Using Oama and Light Llm Locally
In this section, the speaker demonstrates how to use Oama and Light Llm locally. The necessary steps and tools required for local usage are explained.
Installing Oama and Downloading a Model
- To use models locally, two tools are needed: Oama and Light Llm.
- Install Oama by going to the official website, downloading it, and following the installation process.
- After installation, a llama icon should appear in the task tray.
- To download a model, run
O Lama run mistolcommand. This will download the Mistal model (approximately 4GB in size).
Installing Light Llm and Fixing Gunicorn Issue
- Install Light Llm using
pip install Light llm Das Das up upgrade.
- If an error occurs regarding a missing module called Gunicorn, fix it by running
pip install gunicorn.
Setting Up a Server with Mistal Model
- Set up a server with Mistal running powered by Oama using the command
light l m-- model oama SL mistol.
- The server will spin up at Local Host 8000.
Creating Agents and Workflows
- Create a new agent named "Mistal Assistant" powered by Mistal locally.
- Create workflows for Mistal using "gp4" as the receiver agent name.
- Customize agent descriptions and system messages as desired.
Testing with Playground
- Use the playground to test the Mistal workflow.
- Verify that interactions such as asking for jokes or writing code work correctly.
Running Multiple Models Locally
This section explains how to run multiple models locally using Olama.
Running Multiple Models with Olama
- Run
AMA run llama 2to initiate the download of another model using Olama.
- Once the download is complete, create a new tab and activate Light Llm with the command
cond activate AG light llm -- model o lama lama 2.
- Follow the same steps as before to set up a server with the newly downloaded model.
The transcript is already in English.
New Section
In this section, the speaker discusses finding the right fine-tuned model for specific tasks and mentions the sign out functionality in Autogen Studio.
Finding the Right Fine-Tuned Model
- Autogen Studio allows users to find the appropriate fine-tuned model for their specific task.

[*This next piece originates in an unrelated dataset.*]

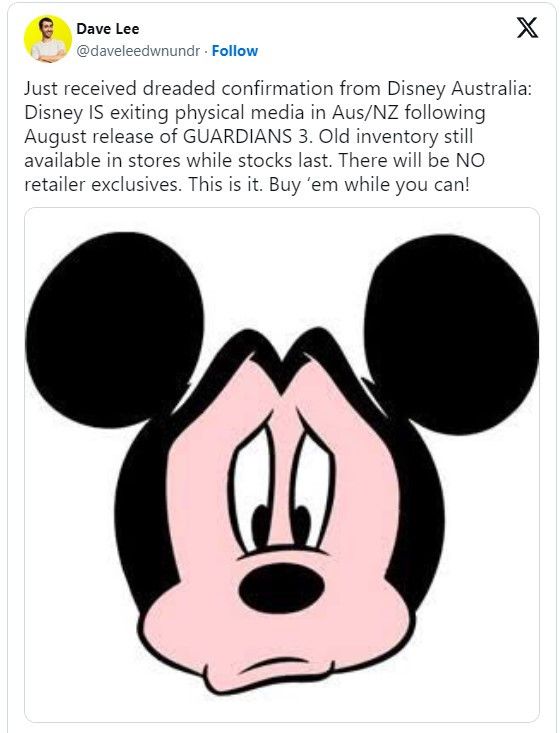Aus die Maus? Disney soll in Australien kein Interesse mehr an physischen Datenträgern für ihre Filme haben. DVD und Blu-Ray sind in Zukunft womöglich Geschichte. Dies berichten mehrere australische Newsportale, die Kontakt zu Disney Australia hatten. Die Neuigkeit wird auch vom im Land ansässigen Einzelhandel mit Unterhaltungsmedien bestätigt. Die Läden sollen in Zukunft keine DVD- und Blu-Ray-Lieferungen mehr von Disney-Filmen erhalten.

- The speaker highlights that Autogen Studio has a sign out functionality, but when clicked, it prompts users to implement their own logout logic.
- Users can set up their own authentication within Autogen Studio, enabling them to share projects with their team.
New Section
The speaker expresses their admiration for Autogen Studio and invites viewers to provide feedback and suggestions for future content.
Impressions of Autogen Studio
- The speaker is highly impressed by Autogen Studio.
- Viewers are encouraged to leave comments if they would like a follow-up or deeper dive into Autogen Studio.
- Feedback and suggestions on what viewers would like to see in future videos are welcomed.
- If viewers enjoyed the video, they are encouraged to consider giving it a like.